Vielen Dank für Eure Hilfe! Das mit der anonymen Klasse war gar nicht so mein Problem. Mein Problem war eher, warum dieses Objekt nicht mit null initialisiert wird!   :wink: Ich wollte es eigentlich nur verstehen! Es muß keine null rauskommen!
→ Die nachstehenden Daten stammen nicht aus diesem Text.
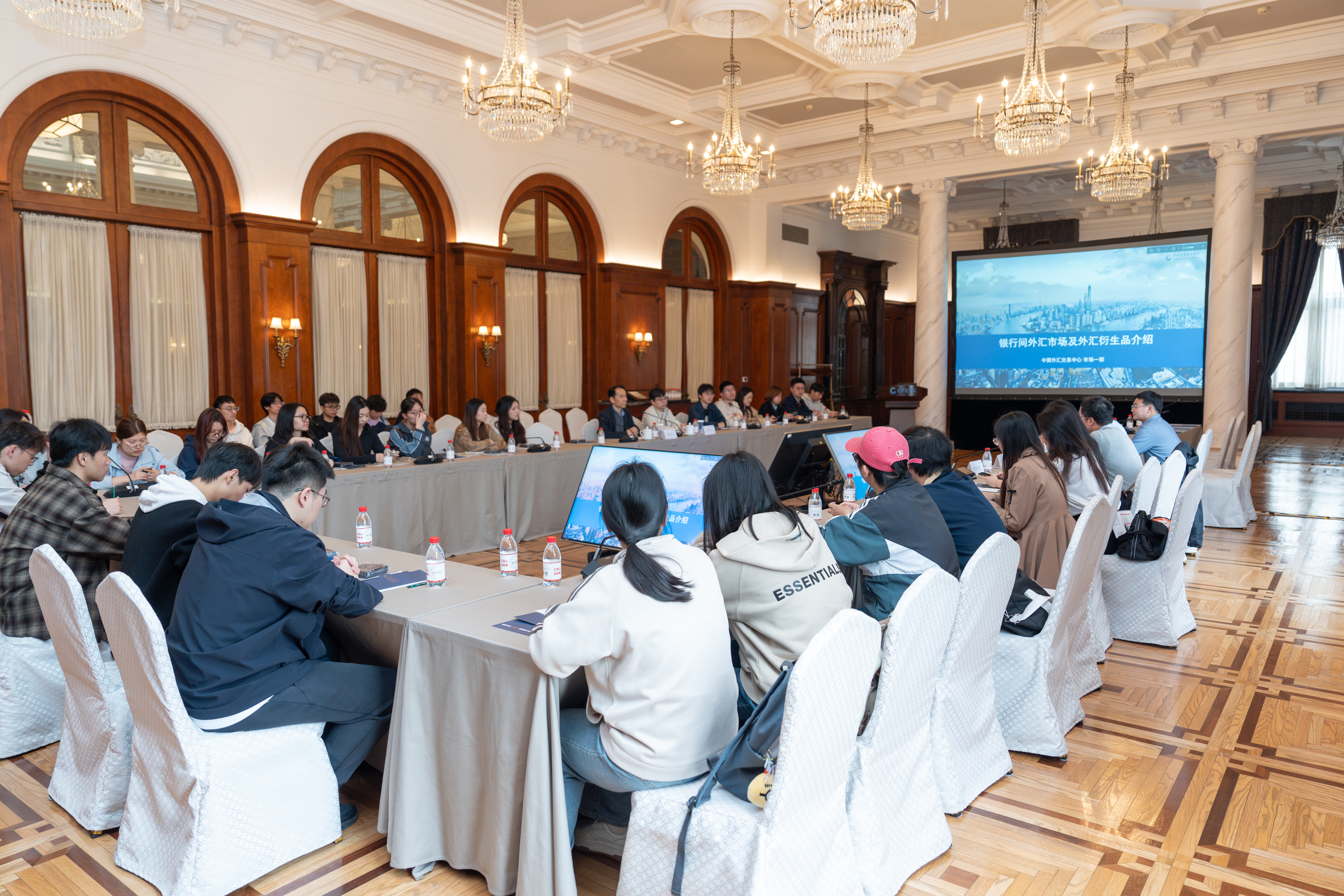 坐落于外滩15号中国外汇交易中心(全国银行间同业拆借中心)作为中国人民银行直属单位,是我国金融市场重要基础设施,肩负着构建全球人民币及相关产品交易主平台和定价中心的使命,为银行间外汇市场、货币市场、债券市场等提供全链条金融服务,授权发布人民币汇率中间价、人民币汇率指数、Shibor、LPR、FDR等核心基准指标。中国外汇交易中心市场一部高级经理刘翔、综合部(党委办公室)一级经理、团委书记刘雨宁、采购部二级经理、校友代表孙芸霞、市场一部沈昱成及《中国货币市场杂志》郭君祎出席本次参访活动。

Weil unerwarteter Weise irgendwelche Hyroglyphen auftauchten   !


----------



## SlaterB (15. Aug 2006)

du verwechselst das vielleicht mit

public Object o; als Exemparvariable,

eine so DEKLARIERTE VARIABLEe wird mit null initialisiert,
System.out.println(o) führt dann auch zur Ausgabe null,

aber in deinem Beispiel gehts ja gar nicht um Variablendeklaration,
eine Variable tritt da gar nicht auf (höchstens eine anonyme, namenlose Variable  )

stattdessen wird ein Objekt erzeugt, ob nun von der Klasse Objekt oder von einer anderen Klasse,
und wenn ein Objekt erzeugt wird, dann ist das logischerweise nicht null,

null als Objekt kriegt man nur wenn man auch explizit 'null' sagt,
einer Variablen kann man dagegen nicht ansehen was sie enthält, da kann auch null drinstecken, insbesondere ganz am Anfang

ein Objekt kann nicht initialisiert werden, entweder es ist da oder nicht


----------



## Leroy42 (16. Aug 2006)

ibs hat gesagt.:
			
		

> Weil unerwarteter Weise irgendwelche Hyroglyphen auftauchten   !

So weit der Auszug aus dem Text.